Production Readiness Checklist

Before deploying this system to production, verify:

CategoryRequirementStatus
StateActor state persists across pod restartsVerify with Redis persistence
DurabilityWorkflow survives node failureTest with pod deletion
CompensationSaga rollback executes on failureSimulate notification failures
ObservabilityTraces visible in Zipkin/JaegerConfigure tracing component
SecuritymTLS enabled between sidecarsVerify Dapr Sentry is running
ResourcesSidecar limits configuredCheck dapr.io annotations

Reflect on Your Skill: Comprehensive Review

You've built a complete Digital FTE blueprint. This is the moment to assess what your dapr-deployment skill has learned throughout Module 7. Access your skill's growth by exploring these capstone scenarios.
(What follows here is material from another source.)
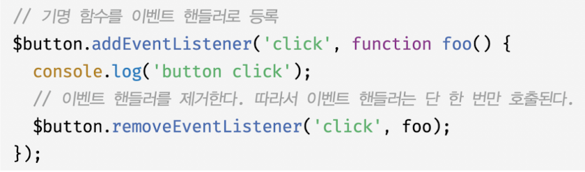 기명 이벤트 핸들러 내부에서 removeEventListener 메서드를 호출하여 이벤트 핸들러를 제거하는건 가능
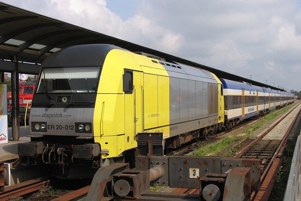 ER 20-012 der Nord-Ostsee-Bahn (NOB) mit NOB 80601 Westerland (Sylt)-Hamburg Altona auf Bahnhof Westerland (Sylt) am 23-6-2007.

Prompt 1: Extend the System

markdown
I've built a TaskActor + TaskProcessingWorkflow system for task management. Now I want to add a ProjectActor that manages a collection of tasks. Help me design: 1. ProjectActor that tracks multiple TaskActor IDs 2. A workflow that creates a project with 3 initial tasks 3. An activity that calls TaskActor for each task creation

Prompt 2: Debug a Production Issue

markdown
My TaskProcessingWorkflow is failing intermittently in production. The logs show: - Workflow starts successfully - Activities 1-3 complete - Activity 4 (notify_assignee) fails with timeout

Prompt 3: Design for Scale

markdown
My capstone system needs to handle 10,000 concurrent tasks across 100 users. Each user has their own ChatActor, and tasks are distributed across TaskActors. Help me analyze the impact on the Placement service and actor activation rates.

Safety Note

This capstone combines multiple Dapr building blocks. When deploying to production: verify Redis has persistence enabled (actor state must survive Redis restarts), configure appropriate actor idle timeouts, and implement proper circuit breakers for external notification services to prevent saga compensation storms.